Jean Jouzel (glaciologue, directeur du LSCE) fait des va-et-vient entre science et politique ce qui donne un résultat à mon avis un peu ambigü. Comme le souligne Vincent Courtillot il
est bon de préciser quand on parle avec la casquette du scientifique, ou avec celle du citoyen. Une personne qui intervient avec une casquette de scientifique n'a pas, à mon
avis, à porter un jugement sur telle ou telle politique, ou sur ce qui relève du "bien" ou du "mal". Concernant des choix sociétaux, chaque citoyen a le droit de donner son avis, y
compris s'il trouve que réduire les émissions de CO2 est urgentissime ou au contraire s'il trouve que c'est inutile ou trop coûteux. Et chaque point de vue mérite le respect. Les
différences, c'est la richesse de l'humanité.

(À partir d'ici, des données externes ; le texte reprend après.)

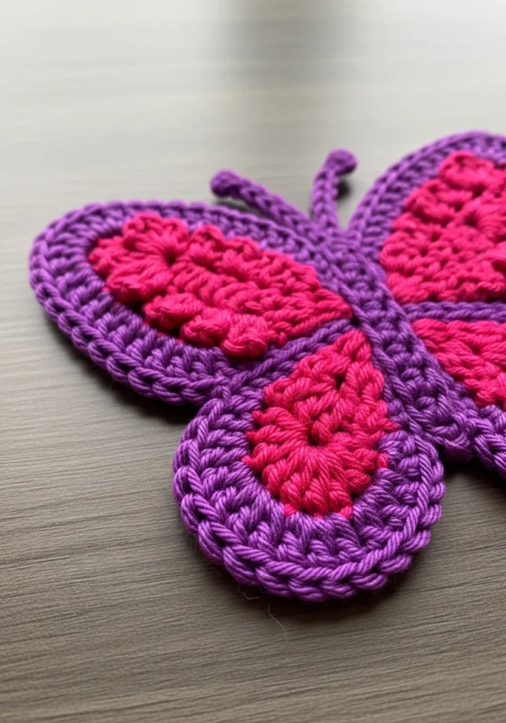 This vibrant butterfly applique pops in bold pink and purple yarn with layered wings and raised stitch details. The rounded wing shapes and contrasting center give it a sweet dimensional look, and the slightly textured stitches add personality and charm. It is flat enough to sew onto almost anything, yet detailed enough to stand on its own.

On ne peut pas en vouloir à Elise Buckle (militante du WWF) d'avoir insulté Vincent Courtillot en le faisant passer pour une personne qui nie le génocide juif, ce qui était complètement hors
sujet ici. C'était une insulte, si j'ose dire, mignonne, naïve. Et d'ailleurs c'est ainsi que l'a pris Vincent Courtillot, il n'a pas riposté. Elle a des convictions écologistes, elle pense
qu'on est sûr que l'homme est coupable, et donc, pour elle, ceux qui émettent des doutes sont des "méchants".

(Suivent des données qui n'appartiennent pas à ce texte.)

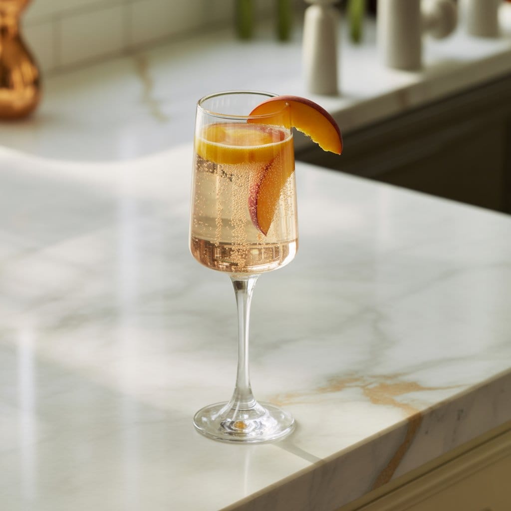 I usually reach for a dry Prosecco so the drink doesn’t end up too sweet. If you’re buying peach nectar, check the label for real fruit content—it really does taste better. And fresh peach slices? They smell great in the glass.

Elise, je vous invite à méditer profondément ce vous a dit Yves Coppens (personnellement j'ai mis plusieurs années à intègrer cela, il y a 5 ans, mon état d'esprit était
proche du votre) : même si le niveau des mers montait de 100 mètres, cela ne serait pas la fin du monde, le monde ne serait pas "détruit" (mot que vous avez utilisé durant
l'émission), l'humanité ne disparaitrait pas, la planète terre pourrait toujours être perçue comme "belle". Le changement, c'est la loi de la vie. Le regard des
géologues est ici essentiel. Il y a 20000 ans, le niveau de la mer était 100 mètres plus bas qu'aujourd'hui. L'humanité a-t-elle disparu suite à la montée du niveau de la mer de 100
mètres jusqu'à aujourd'hui ? Non, nous sommes même 6,8 milliards.
En résumé :
- je trouve dommage que Jean Jouzel, qui a énormément apporté par son travail aux connaissances scientifiques sur le climat, ne précise pas assez clairement quand il
intervient avec la casquette du scientifique ou avec celle du citoyen.
- j'ai apprécié : les interventions lucides, apaisées et les mises en perspective d'Yves Coppens, les appels à la rigueur scientifique et au respect des différences de Vincent
Courtillot, les convictions éco-citoyennes d'Elise Buckle, l'engagement politique pour l'Afrique de Jean-Louis Borloo.
- Olivier
NB - Grotte Cosquer, à coté de Marseille :
http://www.culture.gouv.fr/culture/archeosm/fr/fr-cosqu1.htm
L'Europe il y a 20000 ans :
La beauté d'une
statue de glace, c'est son caractère éphémère. Le monde n'est pas cristalisé, le monde est inscrit dans le temps, et sorti du temps, le monde n'existe plus. Le monde change en
permanence.
Ceux qui ont comme projet de conserver le monde dans un état cristalisé sont assurés d'échouer. Ceux qui ont comme projet de s'adapter au monde qui change sont dans une dynamique qui
permet (pas systématiquement) de parvenir à prospèrer.